= Iron surgeon =

The iron surgeon (cirujano de hierro) was a term coined by Spanish author and regenerationist politician Joaquín Costa after the crisis of '98. It referred to a hypothetical figure that would cure Spain's political maladies.

Costa first proposed the iron surgeon in his 1902 work Oligarchy and Caciquismo as the Current Form of Government in Spain: Urgency and Means of Changing It [Oligarquía y caciquismo como forma actual de gobierno en España: urgencia y modo de cambiarla]:This surgical policy, I repeat, must be the personal charge of an iron surgeon, who knows the anatomy of Spain well and feels an infinite compassion for it...This figure, a type of benevolent dictator with fundamentally spiritual qualities, would be charged with enacting policies to eliminate caciquismo at the margins of parliament to improve the country.

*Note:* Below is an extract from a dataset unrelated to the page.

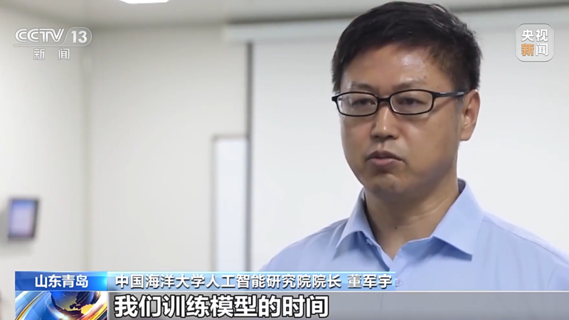 中国海洋大学人工智能研究院院长 董军宇:这种算力的话,和传统的算力是不一样的,它是人工智能的专用芯片,而青岛人工智能中心的芯片,它具有了高达百P的计算能力,我们训练模型的时间可以从过去的两年到三年,缩短到一年的时间。

The iron surgeon could be understood as a Spanish version of the Nietzschean Übermensch, and was a product of Costa's disenfranchisement with the political system of the Restoration and his progressive political radicalization. Costa defended himself from criticism, insisting that the surgeon did not necessarily have to be identified with a dictator. Enrique Tierno Galván identified Costa's ideas as proto-fascist, although Sebastian Balfour argued that they aligned more with 19th-century praetorian liberalism than with 20th-century totalitarianism.

Costa's ideas were a recurring theme in the writings of Miguel Primo de Rivera, who saw himself as the iron surgeon and incorporated himself into the regenerationist discourse of the Military Directorate.